The new English words that the OED did record (including carnac) confirm the sarcasm of this last remark. Still, that does not mean Murray was free of a sense of old-country superiority. When a third correspondent—apparently a resident of another country—asked Murray for advice on how to pronounce pronunciation, he admonished her, ‘Outside England (i.e. in U.S, Scotland, Ireland, the colonies), much more than in England, people are apt to think that there is only one “correct” or “proper”, or “right” pronunciation of a word’; by contrast, ‘Every educated Englishman regards himself as, to a certain extent, the master of his language, and wields it as a master of his trade wields his tool’ (950105A). This is hard to credit, given the linguistic prescriptivism extant in nineteenth-century England (see ‘Standards of “Correct” English’), and the fact that British—and more specifically English—English was held up as a model for colonial speakers to follow.

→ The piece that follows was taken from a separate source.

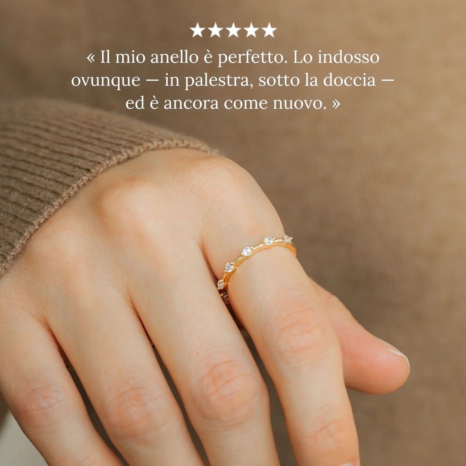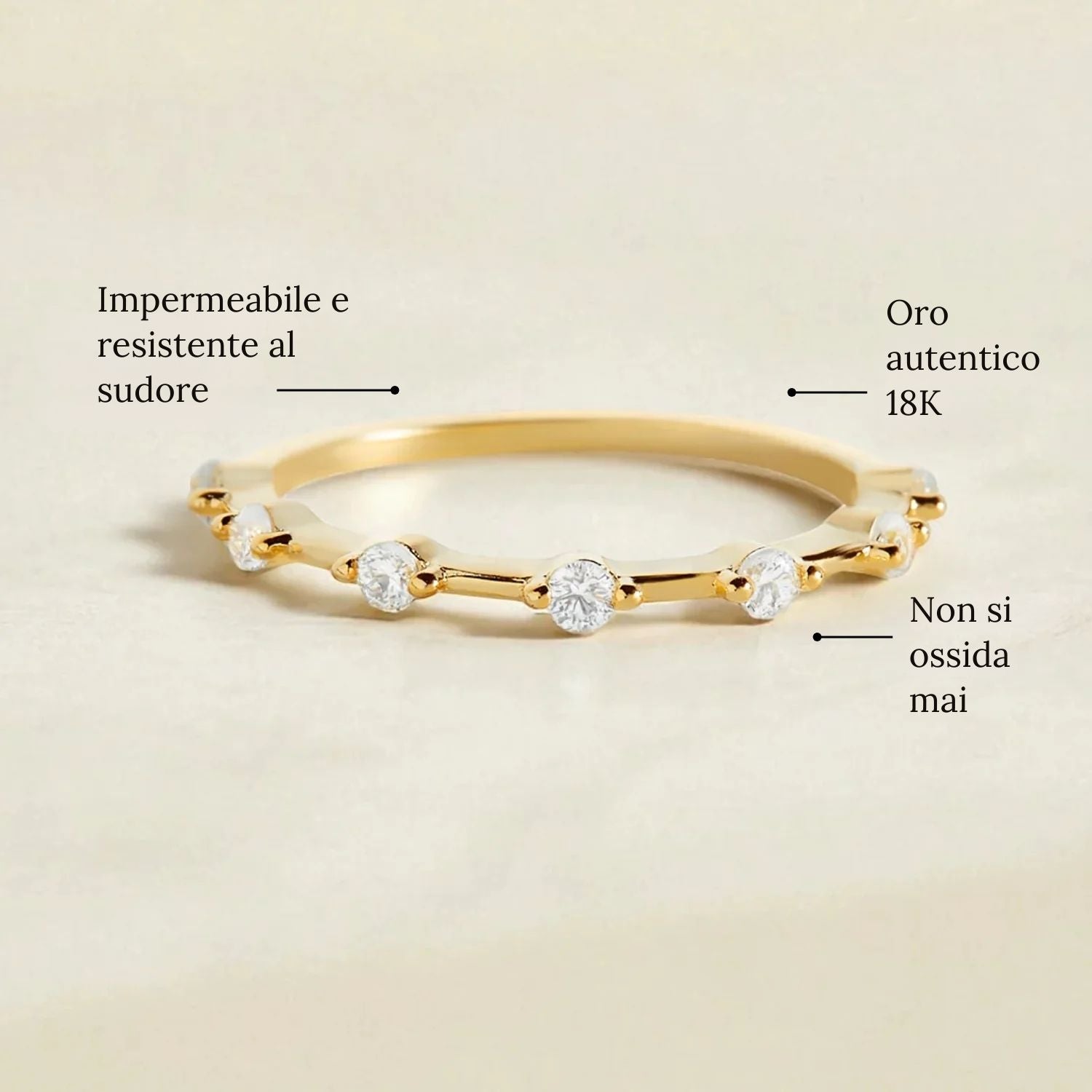 Un anello sottile e luminoso che incarna l’eleganza minimalista. Il design delicato e le pietre scintillanti donano una brillantezza discreta, perfetta da indossare da sola per un tocco raffinato oppure in abbinamento per uno stile senza tempo.

The OED itself was an instrument for promoting British English within and beyond the British Empire. When the Philological Society first approached OUP to publish the dictionary, Henry Sweet had envisioned its being ‘adopted in Great Britain and its colonies and dependencies, and in the United States, and, indeed in the civilized world generally’ (770420A). Soon after the first two parts of the OED were issued, a correspondent requested copies to exhibit in Australia (860111A). Murray himself, who would visit the South African colonies in 1905, later noted that he had seen ‘copies of [the dictionary] (as far as published) in every one of the Government Offices there’ (150108A). Ultimately, the OED recorded the linguistic history—and expanded the linguistic knowledge—of English speakers from many different nations, but the dictionary’s dominant point of view was that of England. The documentation of World Englishes is one area that the OED’s present-day editors are working hard to improve.

Further reading

Benson, Phil. (2001). Ethnocentrism and the English Dictionary. London and New York: Routledge.

Mugglestone, Lynda. (2012). ‘Patriotism, Empire and Cultural Prescriptivism: Images of Anglicity in the OED’. In C. Percy and M. C. Davidson (Eds.), The Languages of Nation (pp. 175–191). Bristol: Multilingual Matters.

Ogilvie, Sarah. (2013). Words of the World: A Global History of the Oxford English Dictionary. Cambridge: Cambridge University Press.

Salazar, Danica. (2014). ‘Towards Improved Coverage of Southeast Asian Englishes in the Oxford English Dictionary’. Lexicography: Journal of ASIALEX, 1, 95–108.

1. [Criticisms on the English Dictionary], 10 May 1883 (unpublished, OUP Archives, Markby C/2).
2. The New English Dictionary: Suggestions for Guidance in Preparing Copy for the Press, August 1883 (unpublished, OUP Archives, B/5/1/3). Both headwords were preceded by tramlines (||) to show that Murray did not judge them to be completely naturalized in English.